Reputation: 3782
I have a Python code that scraps different data. For example, it scraps the Website
from this HTML code:
<a data-ix="show-popup-on-click" target="_blank" rel="nofollow" href="https://mylink.org/" class="button full w-button" style="transition: all 0.4s ease 0s;">Website</a>
It was working properly, but now it fails with the error:
NoSuchElementException: Message: {"errorMessage":"Unable to find element with link text 'Website'","request":{"headers":{"Accept":"application/json","Accept-Encoding":"identity","Connection":"close","Content-Length":"95","Content-Type":"application/json;charset=UTF-8","Host":"127.0.0.1:40581","User-Agent":"Python http auth"},"httpVersion":"1.1","method":"POST","post":"{\"using\": \"link text\", \"sessionId\": \"a7a441f0-0f6a-11e8-ad3a-6121f74a30f4\", \"value\": \"Website\"}","url":"/element","urlParsed":{"anchor":"","query":"","file":"element","directory":"/","path":"/element","relative":"/element","port":"","host":"","password":"","user":"","userInfo":"","authority":"","protocol":"","source":"/element","queryKey":{},"chunks":["element"]},"urlOriginal":"/session/a7a441f0-0f6a-11e8-ad3a-6121f74a30f4/element"}} Screenshot: available via screen
This is my code:
import requests
from bs4 import BeautifulSoup
from selenium import webdriver
driver = webdriver.PhantomJS()
driver.set_window_size(1120, 550)
driver.get(link)
driver.implicitly_wait(10)
website = driver.find_element_by_link_text("Website").get_attribute("href")
What am I doing wrong?
UPDATE:
<div class="column-space w-col w-col-4">
<a data-ix="show-popup-on-click" target="_blank"

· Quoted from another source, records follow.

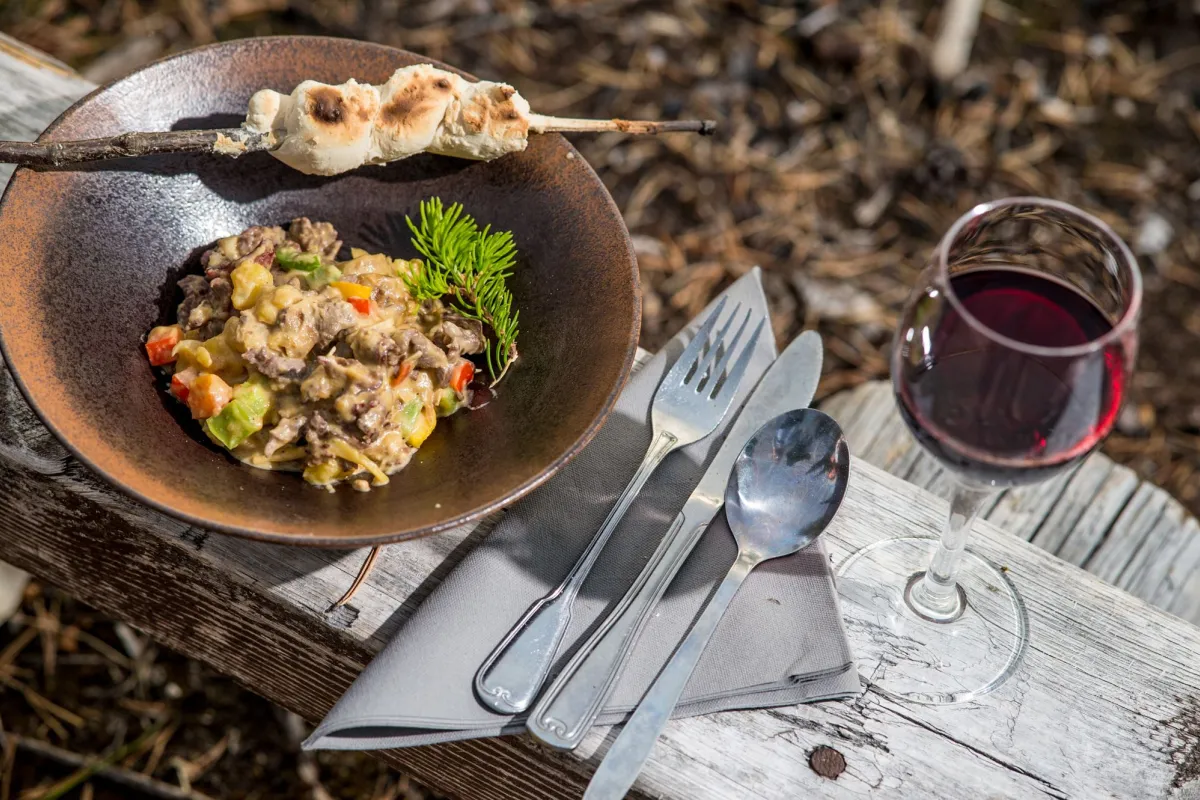 Tillsammans med en guide beger ni er ut till ett av våra vildmarkscamper. Här får ni chansen att spana efter norrsken, och serveras en trerätters middag inspirerad av naturen och lokala ingredienser.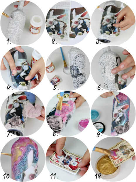 5. decoupage otras imágenes en la parte posterior de la botella * que utiliza relojes para la botella de conejo blanco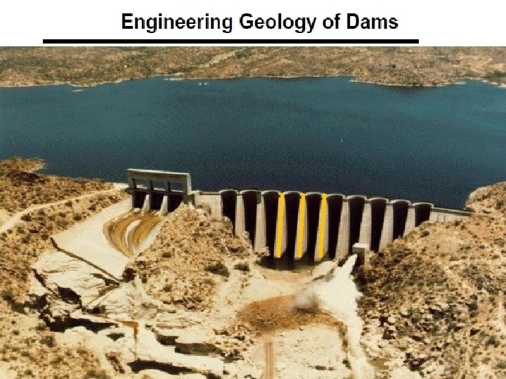 Buttress Dam: TYPES OF DAMS • Buttress Dam – Is a gravity dam reinforced by structural supports • Buttress - a support that transmits a force from a roof or wall to another supporting structure This type of structure can be considered even if the foundation rocks are little weaker • Advantages: – Less material required – Strong rock foundation not required (as for arch dams) • Disadvantage– Height limitations – Construction difficulty

rel="nofollow" href="https://example.com/"
class="button full w-button"
style="transition: all 0.4s ease 0s;">Website</a>
<div class="space big"></div>
<a target="_blank" rel="nofollow"
href="https://example.com/storage/b/2/0/2/WhitepaperLive.pdf"
class="button-2 w-button">Whitepaper</a>
<div class="space big"></div>
<a class="button-2 w-condition-invisible w-button">Program</a>
<div class="space big w-condition-invisible"></div>
<div>
<div class="div-block-4 w-clearfix">
<div class="div-block-2">Token:</div>
<div class="div-block-5 w-clearfix">
<div class="text-block-12">UTC</div>
</div>
</div>
<div class="div-block-4 w-clearfix">
<div class="div-block-2">Price:</div>
<div class="div-block-5 w-clearfix">
<div class="text-block-12">1 LUC=0,05 USD</div>
</div>
</div>
<div class="div-block-4 w-clearfix">
<div class="div-block-2">Buy with:</div>
<div class="div-block-5 w-clearfix">
<div class="text-block-12">USD, EUR</div>
</div>
</div>
<div class="div-block-4 w-clearfix">
<div class="div-block-2">Platform:</div>
<div class="div-block-5 w-clearfix">
<div class="text-block-12">MyPlatform</div>
</div>
</div>
<div class="div-block-4 w-clearfix w-condition-invisible">
<div class="div-block-2">KYC:</div>
<div class="div-block-5 w-clearfix">
<div class="text-block-12">No</div>
</div>
</div>
<div class="div-block-4 w-clearfix">
<div class="div-block-2">KYC:</div>
<div class="div-block-5 w-clearfix">
<div class="text-block-12">Yes</div>
</div>
</div>
<div class="div-block-4 w-clearfix">
<div class="div-block-2">Location:</div>
<div class="div-block-5 w-clearfix">
<div class="text-block-12">Malta</div>
</div>
</div>
<div class="div-block-4 w-clearfix">
<div class="div-block-2">Can't join:</div>
<div class="div-block-5 w-clearfix">
<div class="text-block-12">USA</div>
</div>
</div>
<div class="space big"></div>
<div class="div-block-4 w-clearfix">
<div class="div-block-2">Start:</div>
<div class="div-block-5 w-clearfix">
<div class="text-block-12">January 25, 2018</div>
</div>
</div>
<div class="div-block-4 w-clearfix">
<div class="div-block-2">End:</div>
<div class="div-block-5 w-clearfix">
<div class="text-block-12">February 5, 2018</div>
</div>
</div>
<div class="space big"></div>
<div class="div-block-4 w-clearfix">
<div class="div-block-2">Start2:</div>
<div class="div-block-5 w-clearfix">
<div class="text-block-12">February 12, 2018</div>
</div>
</div>
<div class="div-block-4 w-clearfix">
<div class="div-block-2">End2:</div>
<div class="div-block-5 w-clearfix">
<div class="text-block-12">March 5, 2018</div>
</div>
</div>
<div>
<div class="div-block-33">
<div class="space big"></div>
<div>
<a target="_blank" rel="nofollow"
class="button green full w-condition-invisible w-button">JOIN WHITELIST NOW »</a>
<div class="div-block-34">
<a target="_blank" rel="nofollow" href="http://we-do-not-have-slack.com"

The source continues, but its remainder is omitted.